EXERCISE REQUIREMENTS -
From the records below, output exactly the lines starting at the line with "El Barça ha" and ending at the line with "東北大学大学院文学研究科フラ", both of them included, but no pictures.

——

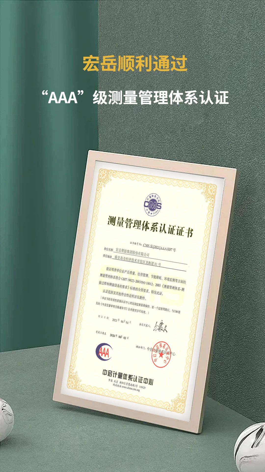 乐鱼顺利通过ISO10012:2003“AAA”级测量管理体系认证,并获得证书。
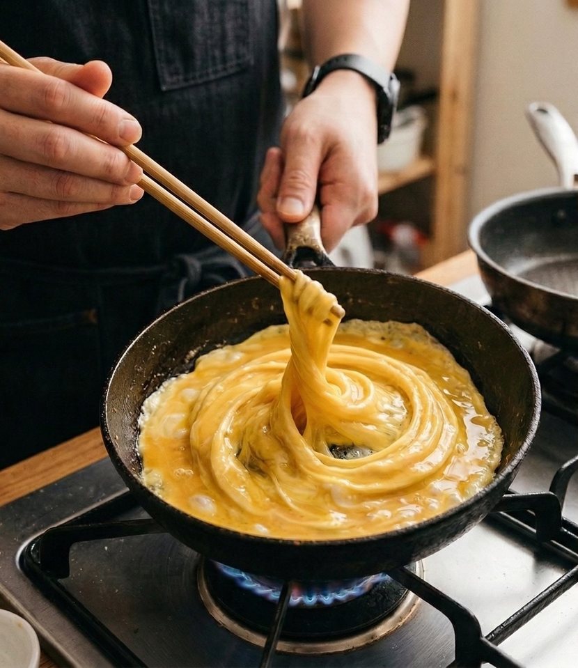 너무 늦게 집으면 계란이 이미 굳어 버려 모양을 만들기 어렵고 너무 빨리 집으면 형태가 흐트러질 수 있으므로 타이밍이 중요하다. 젓가락으로 계란을 집은 상태에서 손목을 이용해 천천히 원을 그리듯이 돌리면 계란이 자연스럽게 말리면서 소용돌이 모양이 만들어진다.
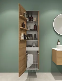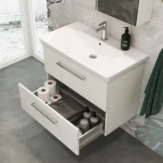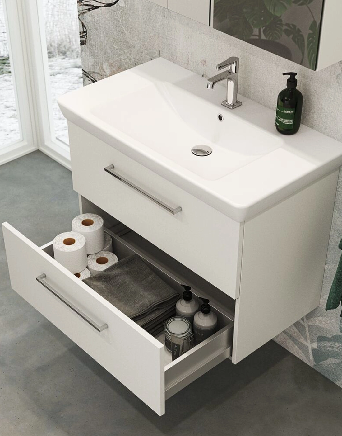 Uppgradera ditt badrum med Dansani Mido+ tvättställsskåp med 1 låda - här i ett djup på 44 cm. Detta tvättställsskåp ger dig det extra förvaringsutrymme du behöver utan att kompromissa med design och stil. Med mjuk stängningen, hållbara material och en vacker estetik är detta skåp en perfekt kombination av funktionalitet och elegans. Skapa en organiserad och elegant atmosfär i ditt badrum med Dansani Mido+. Alla Mido+ skåp levereras med det klassiska Base-greppet i krom. Du kan välja ett annat handtag för att få en annan look, men kom ihåg att det måste beställas tillsammans med dina möbler. Kom ihåg att komplettera badrumsmöblerna med små, praktiska detaljr som du har glädje av varje dag. Till exempel belysning och trälådor till dina lådor.
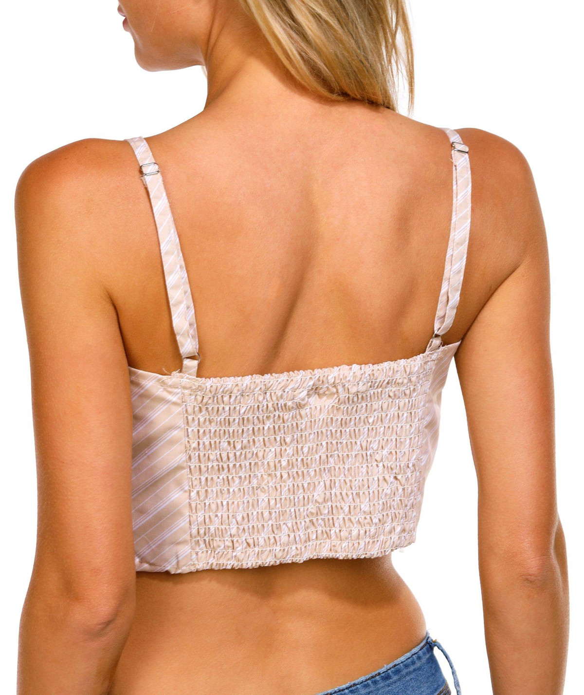 Make a bold statement with the Juniors Asymmetrical Stripe Crop Top. Crafted from a blend of cotton and polyester, this top features a stylish striped print, adjustable spaghetti straps, and an 11-inch length for a trendy, cropped look. The smocked back ensures a comfortable fit, making it perfect for any casual or chic outfit. Embrace a unique and fashionable style with this versatile crop top.
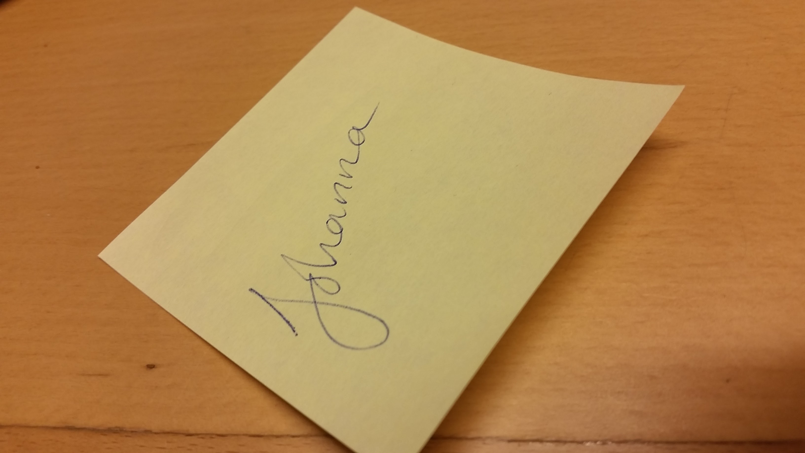 kr 20Vill du ha en personlig lapp? Varför inte en post-it? Till det extremt överkomliga priset av 20 kronor får du en personlig, handskriven post-it med valfri text. Bilden visar exempeltexten "Johanna". |
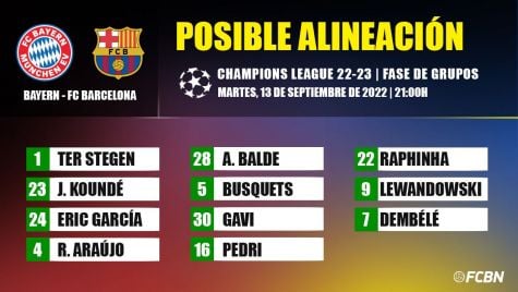 El Barça ha 'sufrido' grandes cambios desde la última vez que enfrentó al cuadro muniqués, en diciembre del año pasado (3-0). Los blaugrana han revolucionado su plantilla y están con la ilusión a tope, en medio de un arranque de temporada sensacional en el que suman cinco triunfos consecutivos, de seis partidos. Para la ocasión, Xavi Hernández sacará lo mejor que tiene al campo para buscar tres puntos que sabrán a reinvindicación para los culés. A continuación, nuestra previsión de las alineaciones:
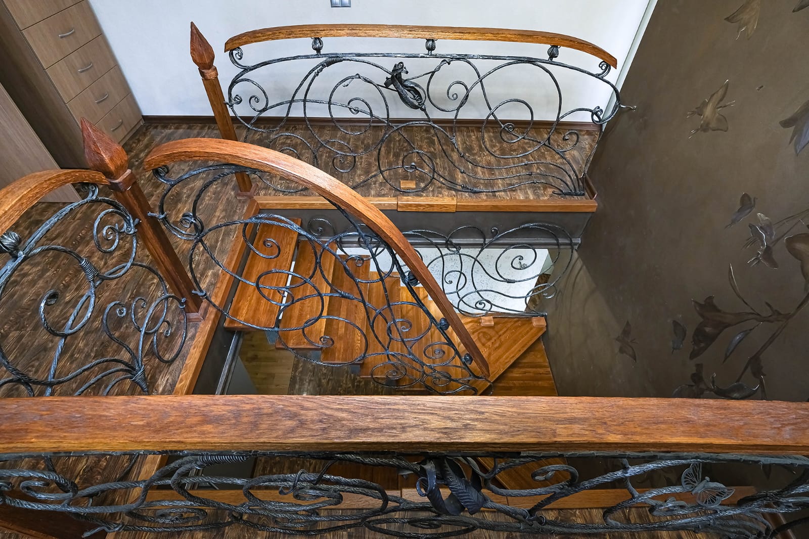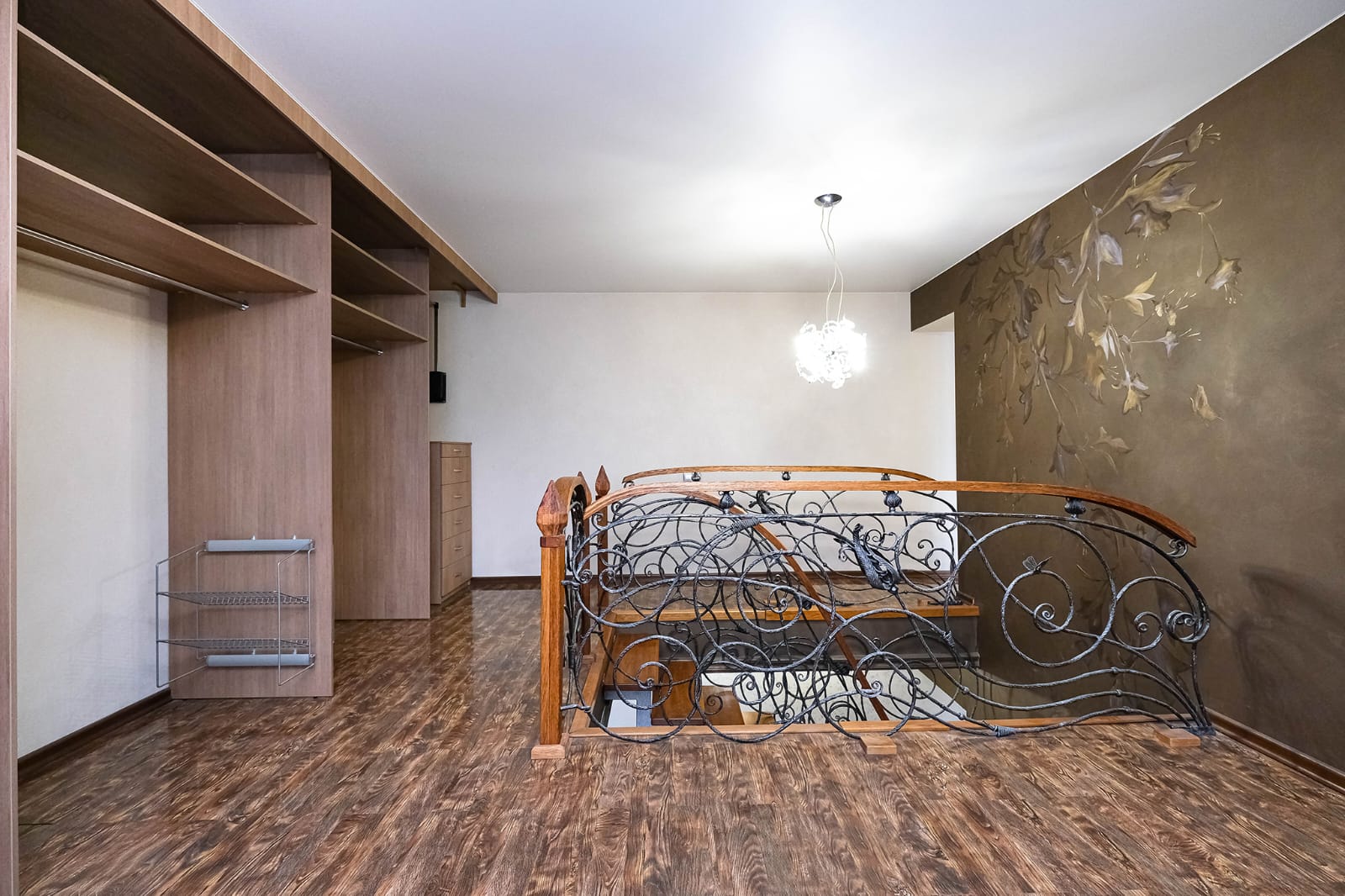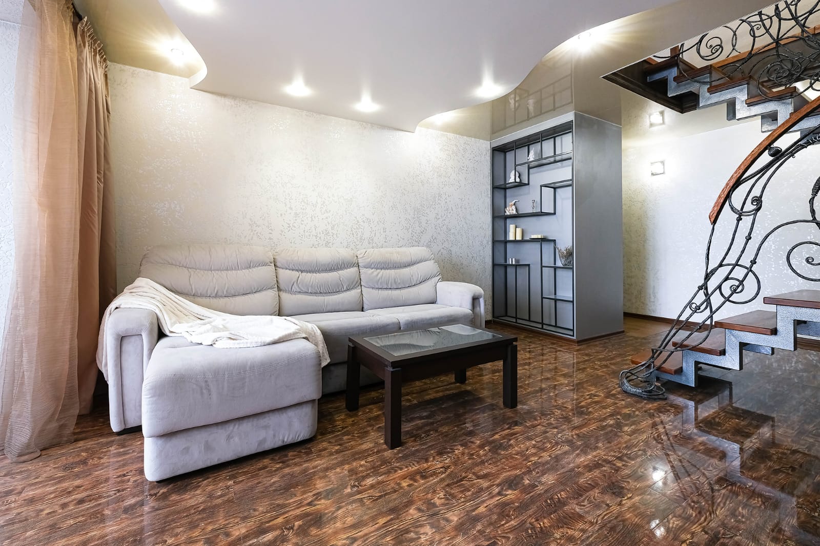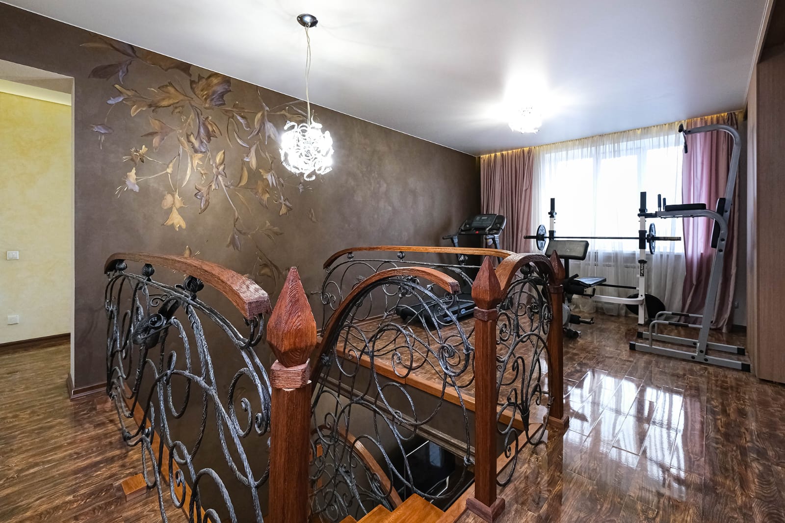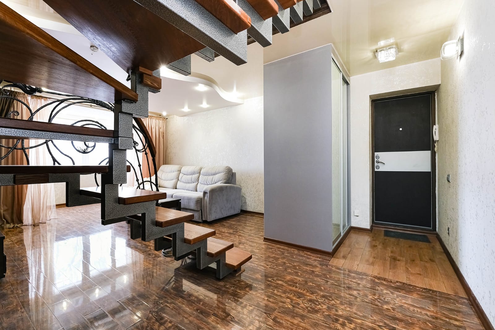 · Особое внимание заслуживает кованная лестница в гостиной, ведущая на второй уровень квартиры. Представляет собой изысканное и элегантное сочетание функциональности и художественного дизайна
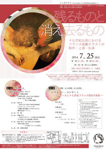 東北大学大学院文学研究科フランス語学フランス文学研究室主催のシンポジウム「残るものと消え去るもの 17世紀以前におけるフランス語劇テクストの制作・上演・伝承」の第2部。
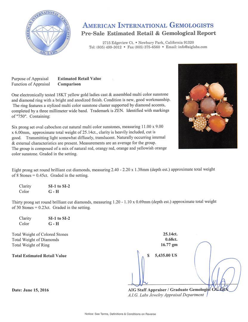 One electronically tested 18KT yellow gold ladies cast & assembled multi color sunstone and diamond ring with a bright and anodized finish. The ring features a stylized multi color sunstone cluster supported by diamond accents, completed by a three millimeter wide band. Trademark is ZEN. Identified with markings of "750". Condition is new, good workmanship. Containing: Six prong set oval cabochon cut natural multi color sunstones, measuring 11.00 x 9.00 x 6.00mm, approximate total weight of 25.14ct., clarity is heavily included, cut is good. Transmitting light somewhat diffusely, translucent. Naturally occurring internal & external characteristics are present. Measurements are an average for the group. The group is composed of a mix of natural red, orangy red, orange and yellowish orange color sunstone. Graded in the setting. Eight prong set round brilliant cut diamonds, measuring 2.40 - 2.20 x 1.38mm (depth est.) approximate total weight of 8 Stones = 0.45ct. Graded in the setting. Clarity: SI-1 to SI-2. Color: G - H Thirty prong set round brilliant cut diamonds, measuring 1.20 - 1.10 x 0.69mm (depth est.) approximate total weight of 30 Stones = 0.23ct. Graded in the setting. Clarity: SI-1 to SI-2. Color: G - H. Total Weight of Colored Stones 25.14ct. Total Weight of Diamonds 0.68ct. Total Weight of Ring 16.77gm. AIG Appraised at $5,435.00.

——

RESPONSE TO THIS EXERCISE -
 El Barça ha 'sufrido' grandes cambios desde la última vez que enfrentó al cuadro muniqués, en diciembre del año pasado (3-0). Los blaugrana han revolucionado su plantilla y están con la ilusión a tope, en medio de un arranque de temporada sensacional en el que suman cinco triunfos consecutivos, de seis partidos. Para la ocasión, Xavi Hernández sacará lo mejor que tiene al campo para buscar tres puntos que sabrán a reinvindicación para los culés. A continuación, nuestra previsión de las alineaciones:
 · Особое внимание заслуживает кованная лестница в гостиной, ведущая на второй уровень квартиры. Представляет собой изысканное и элегантное сочетание функциональности и художественного дизайна
 東北大学大学院文学研究科フランス語学フランス文学研究室主催のシンポジウム「残るものと消え去るもの 17世紀以前におけるフランス語劇テクストの制作・上演・伝承」の第2部。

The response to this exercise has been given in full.